◆ WORK TO BE COMPLETED: Your copy of the entries below should hold exactly the lines from the one containing "MT Helmets MX2" to the one containing "Archívna fotografia zo", inclusive, and no pictures.

◆ DATA RECORDS:
--------------------
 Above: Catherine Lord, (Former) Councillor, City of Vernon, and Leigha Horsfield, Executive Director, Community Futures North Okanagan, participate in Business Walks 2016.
--------------------
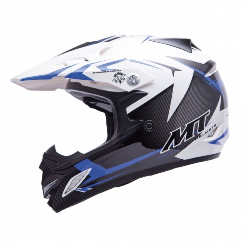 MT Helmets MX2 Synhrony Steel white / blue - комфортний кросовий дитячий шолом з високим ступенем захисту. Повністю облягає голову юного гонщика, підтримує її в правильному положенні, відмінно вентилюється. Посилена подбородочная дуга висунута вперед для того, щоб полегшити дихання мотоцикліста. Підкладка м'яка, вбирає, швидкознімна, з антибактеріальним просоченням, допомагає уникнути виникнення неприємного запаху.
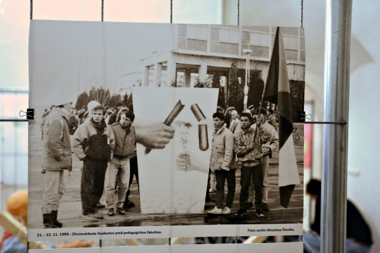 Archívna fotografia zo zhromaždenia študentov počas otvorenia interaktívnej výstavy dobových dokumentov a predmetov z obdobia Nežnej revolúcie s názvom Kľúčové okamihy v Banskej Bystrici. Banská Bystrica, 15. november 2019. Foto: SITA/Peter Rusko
--------------------
◆ SOLUTION TO THIS TASK:
 MT Helmets MX2 Synhrony Steel white / blue - комфортний кросовий дитячий шолом з високим ступенем захисту. Повністю облягає голову юного гонщика, підтримує її в правильному положенні, відмінно вентилюється. Посилена подбородочная дуга висунута вперед для того, щоб полегшити дихання мотоцикліста. Підкладка м'яка, вбирає, швидкознімна, з антибактеріальним просоченням, допомагає уникнути виникнення неприємного запаху.
 Archívna fotografia zo zhromaždenia študentov počas otvorenia interaktívnej výstavy dobových dokumentov a predmetov z obdobia Nežnej revolúcie s názvom Kľúčové okamihy v Banskej Bystrici. Banská Bystrica, 15. november 2019. Foto: SITA/Peter Rusko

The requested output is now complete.